JP2002211032A - Imaging apparatus - Google Patents

Abstract

PROBLEM TO BE SOLVED: To provide an imaging apparatus which can automatically control a quantity of light of a semiconductor laser appropriately by a simple constitution. SOLUTION: The imaging apparatus for imaging latent images to a photoreceptor by scanning a laser light automatically controls the quantity of light of the semiconductor laser (LD1) by sampling a monitor current by a light quantity-detecting element (PD) set to the vicinity of the semiconductor laser as a charging potential of a hold capacitor.
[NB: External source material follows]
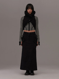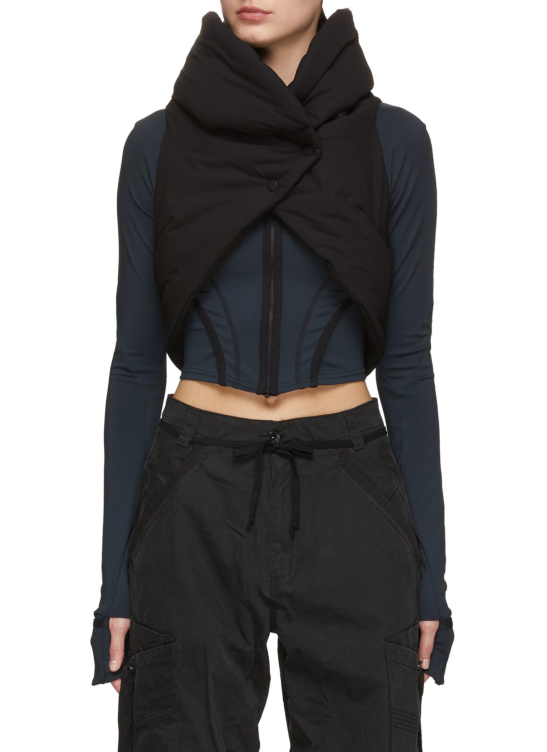 Origami padded packable polyester ripstop vest in warm black, from Hyein Seo. Features a paneled construction with button fastening at the front face, an oversized shawl collar, and two-way fastening along the spine. Concealed pouch compartment at the rear, and concealed pockets at either hip. Tonal stitching throughout [ Product details ] · Relaxed Fit · Shawl collar · Press-stud closure · Concealed zip pockets · Two-way VISLON® zip vent at back · Zip pockets at interior · Cinch shoulder straps at interior · Pouch with bungee-style drawstring at interior · Fully lined · Logo-engraved black hardware · Supplier color: Black · Imported [ Composition ] · Shell: 100% polyester · Fill: 100% polyester • Size: 2 (S/M) • Condition: Brand new with tag. • RRP: 148 000 ₩ Made in South Korea. Shipped worldwide via premium carriers (DHL Express, FedEx, UPS) within 48 hours after payment cleared. *Instruction for International Buyers: Estimated Delivery: About 5~10 days with Tracking Number. Import duties, taxes, and charges are included in the item price. #혜인서 #hyeinantwerp #hyeinseo #darkwear #kfashion #koreanfashion #avantgarde #blackaesthetics #blackinspo #madeinkorea #deibido

A rise time of the potential of the hold capacitor at the sampling time and discharge characteristics of the hold capacitor at a hold mode time are detected by detecting a voltage V4 by an A/D converter (10), so that a capacity of the hold capacitor is selected from C1 and C2, and a control time for the automatic light quantity control is selected from APCTIME1 and APCTIME2. The imaging apparatus features the other two claims.

Description

DETAILED DESCRIPTION OF THE INVENTION

[0001]

BACKGROUND OF THE INVENTION 1. Field of the Invention The present invention relates to an image forming apparatus for forming an image by scanning a laser beam with a polygon scanner to charge a photosensitive member.

[0002]

2. Description of the Related Art As a prior art of the present invention, Japanese Patent Laid-Open No.
No. 88429. This publication discloses a technique for performing APC (Automatic Light Amount Control) using a photodiode (hereinafter, referred to as PD) current incorporated in a package of a semiconductor laser (eg, a laser diode, hereinafter, referred to as LD). LD optical output characteristics are sensitive to ambient temperature and self-heating, so LD optical output (light intensity)
Is constantly detected as the value of the PD current, and control is performed so as to keep the optical output constant. Note that, here, the PD current is charged and discharged via a resistor, and the PD current is measured by measuring the time during which the voltage across the capacitor is equal to or higher than a predetermined value with a clock having a predetermined frequency. I have. As described above, a method of performing APC using a PD current is already known.

[0003]

However, in the method of performing APC by performing charging and discharging of a capacitor as disclosed in Japanese Patent Application Laid-Open No. 8-88429, the capacity of the capacitor and the APC time are not considered. If the value is not appropriate, there is a problem that the LD light amount does not increase to an appropriate value and the LD light amount decreases with time. An object of the present invention is to solve the problems of the prior art as described above and to have a simple configuration.
An object of the present invention is to provide an image forming apparatus capable of increasing an LD light amount to an appropriate value and performing appropriate LD light amount control.

[0004]

According to a first aspect of the present invention, there is provided an image forming apparatus for forming a latent image on a photosensitive member by scanning a laser beam. In an image forming apparatus which performs automatic light amount control of the semiconductor laser by sampling a monitor current obtained by a light amount detection element provided near a laser as a charged potential of a hosed capacitor, a rise time of a hold capacitor potential at the time of sampling and // Hold in hold mode
The discharge characteristics of the hold capacitor are detected to select the hold capacitor capacity.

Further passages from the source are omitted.